Lütfen artık “doğru eylem” yapmayı becerebilelim. “Dostlar alışverişte görsün” misali yapılan eylemler, gösterilen tavırlar bize hiçbir şey kazandırmayacaktır; bunu da bilelim.
Sen “zincirler kırılsın, Ayasofya açılsın” sloganıyla yola çıkıp insanları “seccadeni al da gel” diye Ayasofya’ya çağırır da; Ayasofya’nın içine girecek yerde Ayasofya’nın yanındaki meydanda namaza durursan, adam da haklı olarak başlığı şöyle atar: “Ayasofya’nın içinde değil önünde namaz kıldılar.” Böylece alay konusu olursun!

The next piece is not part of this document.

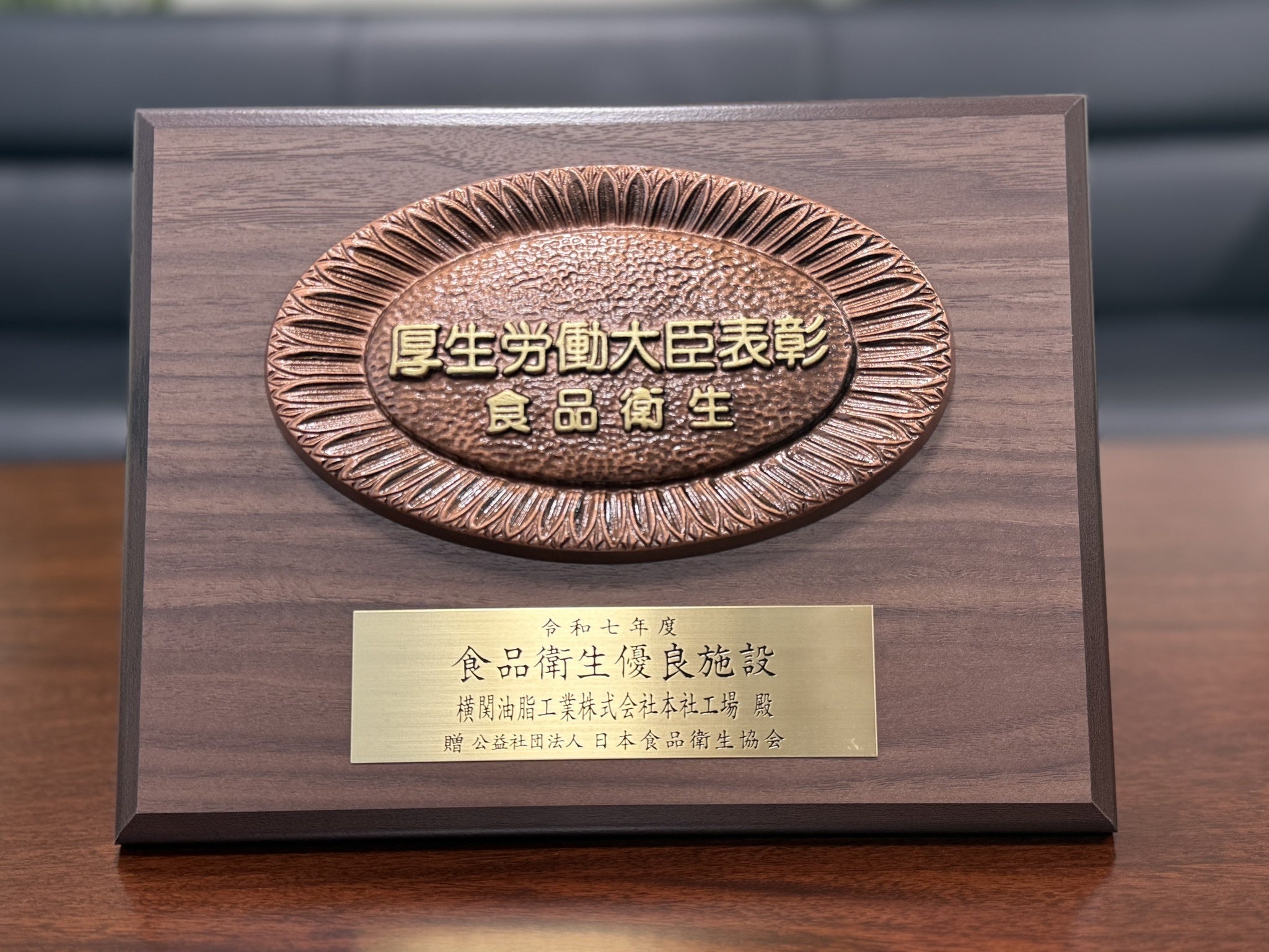 横関油脂工業株式会社は、10月16日(木)に開催された令和7年度「食品衛生事業功労者厚生労働大臣表彰」において、食品衛生の向上に顕著な功績があった施設として、厚生労働省より「食品衛生優良施設」として表彰されましたことをご報告いたします。
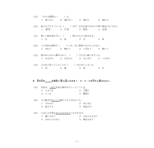 B つぎ次のぶん文の の意(い)味(み)に最(もっと)もちか近いものを1・2・3・4のなか中からえら選びなさい。

Ayasofya “hâlâ ibadete açık değil kapalı” iken, “hâlâ cami değil müze” iken, “hâlâ hür değil zincirli” iken; “ibadet ve dua eylemi”ni yaptığın saatte kapalı bir “müze”nin yanındaki meydanda namaz kılmakla, “Ayasofya’nın zincirleri”ni nasıl kırmış olacaksın?
Eğer duanın gereğine uygun eylemi işlemezsen, ettiğin dua, -hâşâ- “Allahu Teala’ya talimat gönderme”nin ötesinde nasıl bir işlevi haiz olacak?
Nasıl ki “tevbe”nin makbul olanı “hatadan vazgeçmek”se, “dua”nın makbul olanı da “ettiğin duaya uygun eyleme yönelmek”tir, değil mi? “Yâ Rabbi, bize şunu ver” deyip de istediğin şey için “gereken irade”yi ortaya koymaz, “lüzumlu eylem”e kalkışmazsan, bu ne kadar doğru olur? Allahu Teala’ya talimat gönderir gibi, “bize şunu ver, bizden bunu gider” türünden dualar ne derece doğrudur? Bu hususu ciddi bir şekilde düşünmek ve “ettiğimiz duaya uygun eylemselliğe yönelmek” zorunda değil miyiz?